Pour une personne atteinte de cécité ou de malvoyance, les sports individuels deviennent des sports en duo, fait remarquer Nathalie Chartrand, directrice générale de l’Association sportive des aveugles du Québec (ASAQ), qui a perdu la vue à 20 ans. On n’a qu’à penser au vélo en tandem, au kayak double, à une sortie de ski alpin et de raquettes à deux, par exemple. «C’est une belle motivation, dit-elle, de savoir que quelqu’un t’attend.» 

En tandem sur un vélo, un guide voyant prend place à l’avant, tenant les guidons et dirigeant le vélo, tandis que la personne aveugle s’assoit à l’arrière et reçoit les indications de son guide afin de synchroniser leurs mouvements. La confiance, la sécurité et la communication sont primordiales, comme dans tous les autres sports partagés par un sportif non voyant et son guide. 

À la Fondation des Aveugles du Québec (FAQ), les moniteurs et bénévoles qui accompagnent les skieurs alpins ayant une déficience visuelle ont plusieurs méthodes pour bien les orienter sur les pentes.
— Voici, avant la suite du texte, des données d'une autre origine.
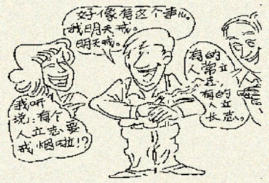 王二跑到单位,和同事也说了,让同事们监督他戒烟。不过,办公室里抽烟的人多,很快王二就禁不住诱惑。有同事说:你不是要戒烟吗?王二说:明天,明天一定戒。
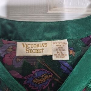 Victoria's Secret Vintage Gold Label Green Floral Dressing Down 90s Size M/L

Le guide se place devant le skieur privé de la vue, à reculons, puis le dirige à l’aide de commandes vocales concises ou en lui prenant les mains pour transmettre ses indications, explique Alexandre Saint-Arnaud, adjoint à la programmation à la FAQ. Des skieurs plus avancés préfèrent souvent être guidés par une personne qui les suit, ce qui leur permet de mieux l’entendre. 

En natation, lorsque le nageur non voyant approche du mur, un complice utilise une perche pour lui indiquer qu’il doit s’arrêter pour éviter les collisions. Le judo est également une discipline pratiquée par des aveugles, en raison de son importante composante physique impliquant le toucher. Sans oublier l’athlétisme, qui fait partie du programme paralympique depuis 1960. 

Escalade, trampoline, golf... 

Que ce soit la raquette, le ski de fond, la course, la randonnée pédestre, l’escalade, le trampoline, le golf, la mise en forme et même le tennis sonore, il est possible de s’initier à une multitude de sports individuels ou d’équipe, même lorsqu’on est privé de la vision, par le biais de différents organismes comme Adaptavie, le Carrefour québécois des personnes aveugles, l’ASAQ et la FAQ. Les personnes vivant avec une déficience visuelle peuvent ainsi «prendre confiance en elles, apprendre les techniques et nommer leurs besoins», explique Mme Chartrand, ce qui facilite ensuite leur intégration au club de sport de leur quartier. 

Jouer en équipe au goalball 

Parmi les sports d’équipe destinés aux personnes aveugles figure le goalball. Inventé après la Seconde Guerre mondiale pour favoriser la réadaptation des personnes ayant perdu la vue sur le champ de bataille, le sport a fait son entrée aux Jeux paralympiques de 1976, à Toronto. 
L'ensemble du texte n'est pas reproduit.